§ **RAW DATA**
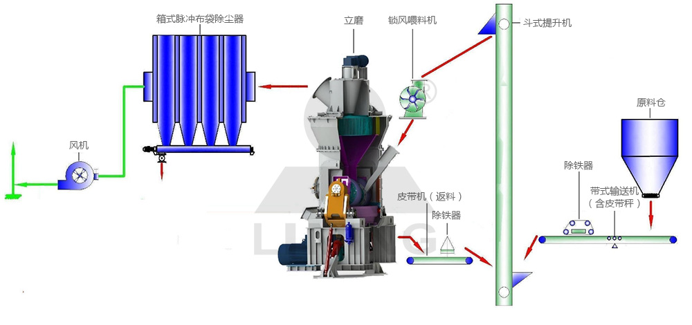 鋰云母通過封閉式定量給料機(jī)送入兩臺(tái)LM1500M立式磨煤機(jī),同時(shí)來自加熱爐的熱風(fēng)在系統(tǒng)風(fēng)機(jī)的抽引下從進(jìn)風(fēng)口進(jìn)入立式磨粉機(jī),與磨內(nèi)被粉磨的鋰云母進(jìn)行充分熱交換后,帶起鋰云母粉在分離器處進(jìn)行分選,細(xì)度不合格的粗粉重新落到磨盤上進(jìn)行粉磨,細(xì)度合格的鋰云母粉隨氣流進(jìn)入防爆氣箱脈沖收塵器被收集下來,收集后的鋰云母粉成品經(jīng)出料口并由輸送裝置送入下一環(huán)節(jié)進(jìn)行使用。
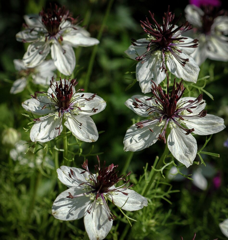Store, hvite blomster med mørk purpursvart midt og sirlige stenderbuketter som likner edderkopper. Senere kommer de mørke, fine frøkapslene. Både blomster og frøkapsler er svært dekorative, også i tørkede oppsatser.
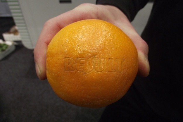 In plaats van de producten te bedrukken met inkt of additieven wordt de buitenste schil van het fruit met een laser gemarkeerd. Er is slechts een beetje warmte nodig dat het pigment in de buitenste laag verandert. Daardoor wordt de kwaliteit van het fruit niet beïnvloed en kan het gewoon gegeten worden.
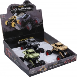 Szórakoztató terepjáró autó felhúzós meghajtással a dinamikus vezetéshez bármilyen terepen. Masszív kivitel, működő rugózás és kompakt méret: 15 × 9 × 9,3 cm. Elérhető 3 színváltozatban – zöld, sárga, szürke.
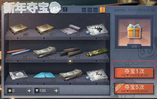 最后咱们在来看看新年夺宝:说实话夺宝这东西还真别碰了,每天免费抽一次就好了,说不定你欧皇还出个好东西了呢,但是脸一黑你抽个大几千都没好东西。
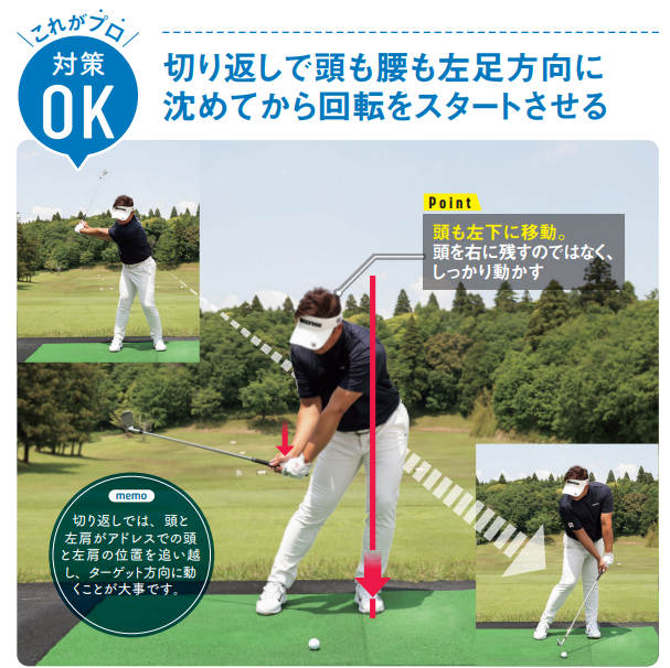 これがプロ!対策OK:切り返しで頭も腰も左足方向に沈めてから回転をスタートさせる
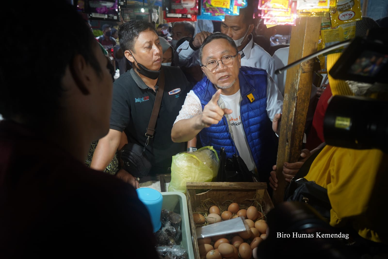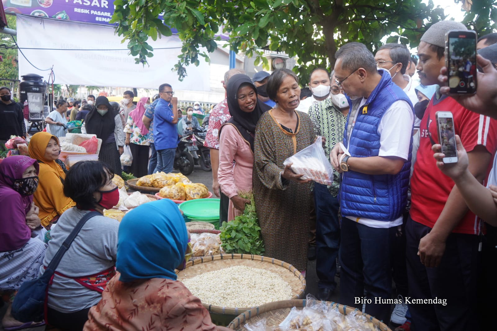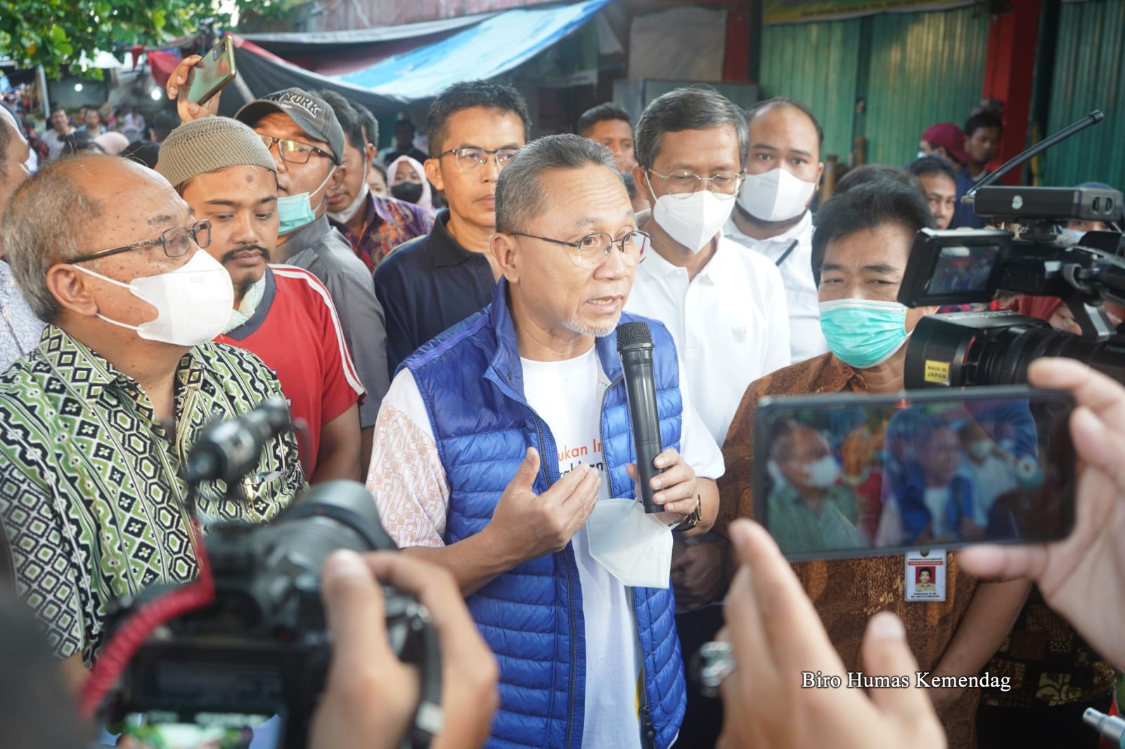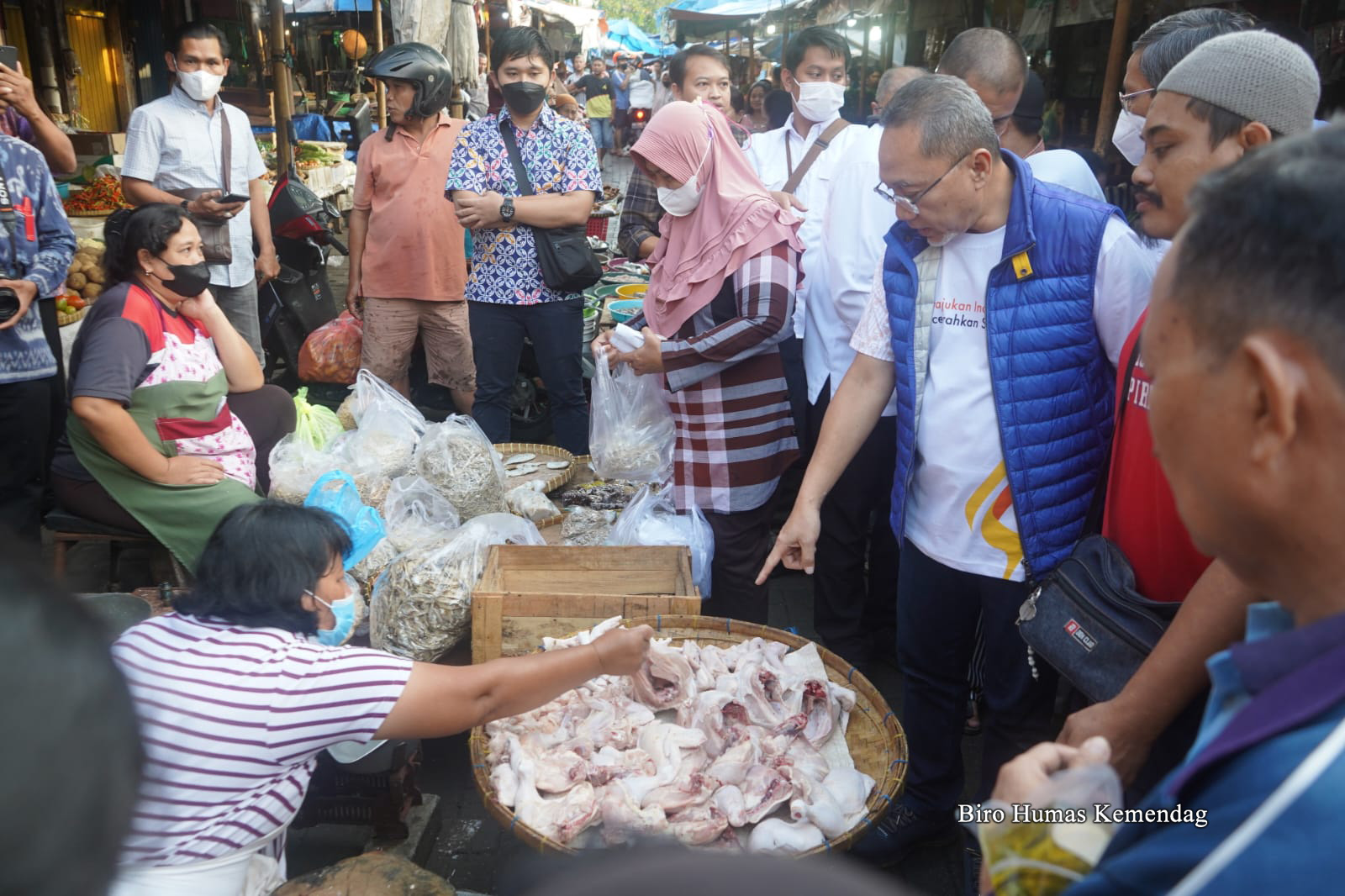 Menteri Perdagangan, Zulkifli Hasan meninjau harga dan ketersediaan barang kebutuhan pokok (bapok) di Pasar Karang Ayu, Semarang, Jawa Tengah, Minggu (11 Sep).
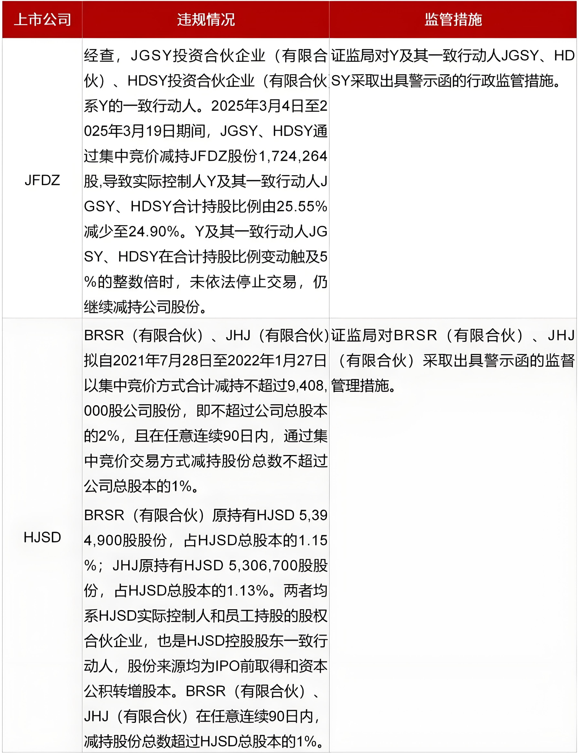 据此,若员工持股平台构成实控人/大股东的一致行动人,其减持也将受到相应限制。例如,员工持股平台需遵守针对实控人/大股东减持的禁止性规定;需与实控人/大股东共享减持额度,合并计算权益变动并履行披露义务;通过集中竞价或大宗交易减持,首次卖出前15个交易日需预披露等,具体减持规则可参考过往文章《上市公司大股东合规减持股份指南》。所以,在构成实控人/大股东一致行动人时,实施减持时务必对相关要求多加关注,规避违规风险。以下是实践中存在的部分因忽视一致行动关系而违规的案例:
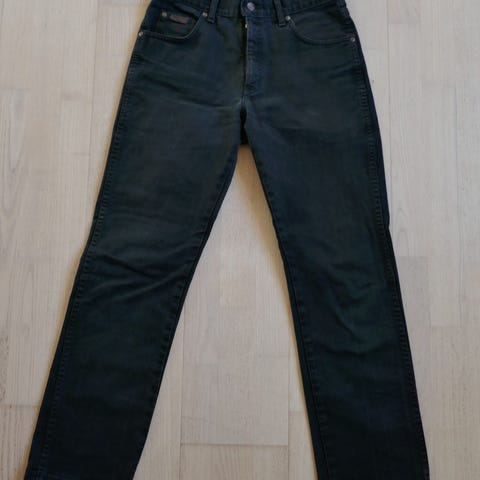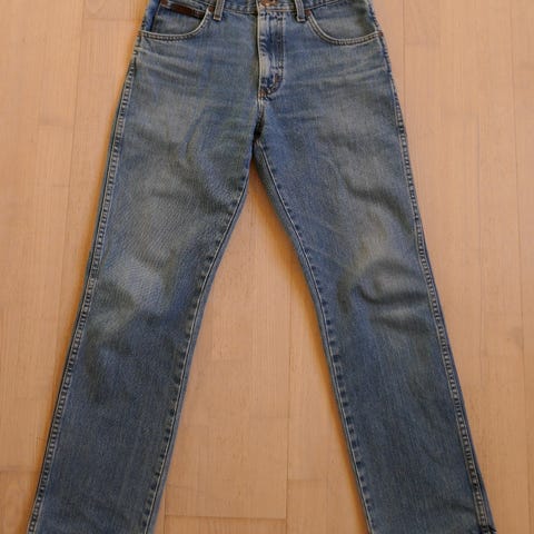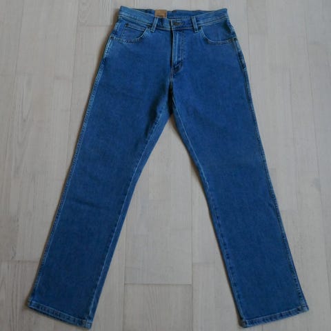 Wrangler herrejeans i blå farve, størrelse W31 og M. Fremstillet i bomuld. Jeansene har klassisk design med lommer foran og bagpå samt synlige syninger.
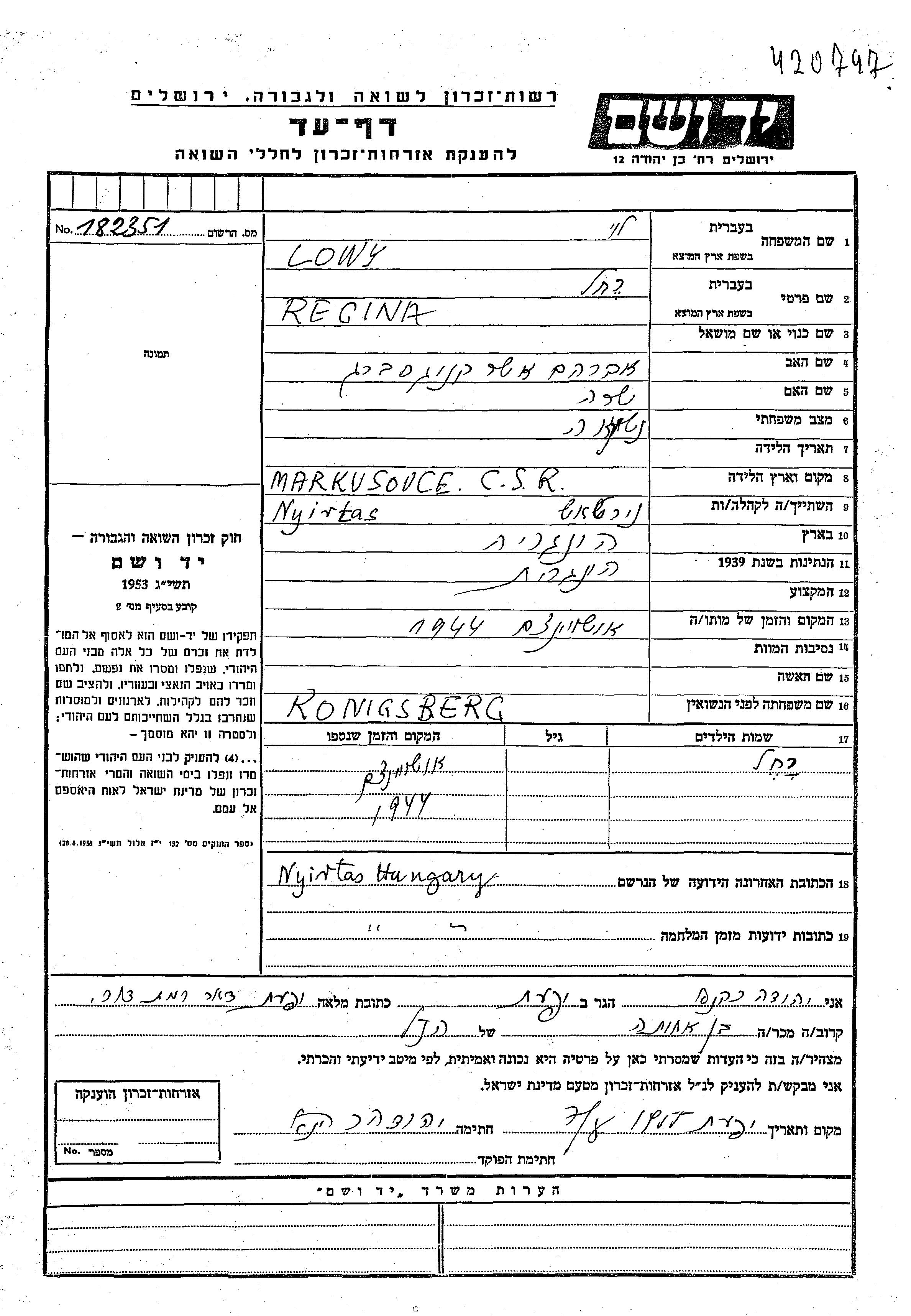 Regina Rakhel Lowy, geb. Konigsberg wurde in Markusovce, Tschechoslowakei geboren. Sie war die Tochter von Avraham Asher und Sara. Sie war Verheiratet. Vor dem Zweiten Weltkrieg lebte sie in Nyirtass, Ungarn. Während des Krieges war sie in Nyirtass, Ungarn.

§ **GOAL OF THE EXERCISE**
All of the listing above has to be reproduced exactly, though without its images.

§ **EXERCISE RESULT**
 鋰云母通過封閉式定量給料機(jī)送入兩臺(tái)LM1500M立式磨煤機(jī),同時(shí)來自加熱爐的熱風(fēng)在系統(tǒng)風(fēng)機(jī)的抽引下從進(jìn)風(fēng)口進(jìn)入立式磨粉機(jī),與磨內(nèi)被粉磨的鋰云母進(jìn)行充分熱交換后,帶起鋰云母粉在分離器處進(jìn)行分選,細(xì)度不合格的粗粉重新落到磨盤上進(jìn)行粉磨,細(xì)度合格的鋰云母粉隨氣流進(jìn)入防爆氣箱脈沖收塵器被收集下來,收集后的鋰云母粉成品經(jīng)出料口并由輸送裝置送入下一環(huán)節(jié)進(jìn)行使用。
Store, hvite blomster med mørk purpursvart midt og sirlige stenderbuketter som likner edderkopper. Senere kommer de mørke, fine frøkapslene. Både blomster og frøkapsler er svært dekorative, også i tørkede oppsatser.
 In plaats van de producten te bedrukken met inkt of additieven wordt de buitenste schil van het fruit met een laser gemarkeerd. Er is slechts een beetje warmte nodig dat het pigment in de buitenste laag verandert. Daardoor wordt de kwaliteit van het fruit niet beïnvloed en kan het gewoon gegeten worden.
 Szórakoztató terepjáró autó felhúzós meghajtással a dinamikus vezetéshez bármilyen terepen. Masszív kivitel, működő rugózás és kompakt méret: 15 × 9 × 9,3 cm. Elérhető 3 színváltozatban – zöld, sárga, szürke.
 最后咱们在来看看新年夺宝:说实话夺宝这东西还真别碰了,每天免费抽一次就好了,说不定你欧皇还出个好东西了呢,但是脸一黑你抽个大几千都没好东西。
 これがプロ!対策OK:切り返しで頭も腰も左足方向に沈めてから回転をスタートさせる
 Menteri Perdagangan, Zulkifli Hasan meninjau harga dan ketersediaan barang kebutuhan pokok (bapok) di Pasar Karang Ayu, Semarang, Jawa Tengah, Minggu (11 Sep).
 据此,若员工持股平台构成实控人/大股东的一致行动人,其减持也将受到相应限制。例如,员工持股平台需遵守针对实控人/大股东减持的禁止性规定;需与实控人/大股东共享减持额度,合并计算权益变动并履行披露义务;通过集中竞价或大宗交易减持,首次卖出前15个交易日需预披露等,具体减持规则可参考过往文章《上市公司大股东合规减持股份指南》。所以,在构成实控人/大股东一致行动人时,实施减持时务必对相关要求多加关注,规避违规风险。以下是实践中存在的部分因忽视一致行动关系而违规的案例:
 Wrangler herrejeans i blå farve, størrelse W31 og M. Fremstillet i bomuld. Jeansene har klassisk design med lommer foran og bagpå samt synlige syninger.
 Regina Rakhel Lowy, geb. Konigsberg wurde in Markusovce, Tschechoslowakei geboren. Sie war die Tochter von Avraham Asher und Sara. Sie war Verheiratet. Vor dem Zweiten Weltkrieg lebte sie in Nyirtass, Ungarn. Während des Krieges war sie in Nyirtass, Ungarn.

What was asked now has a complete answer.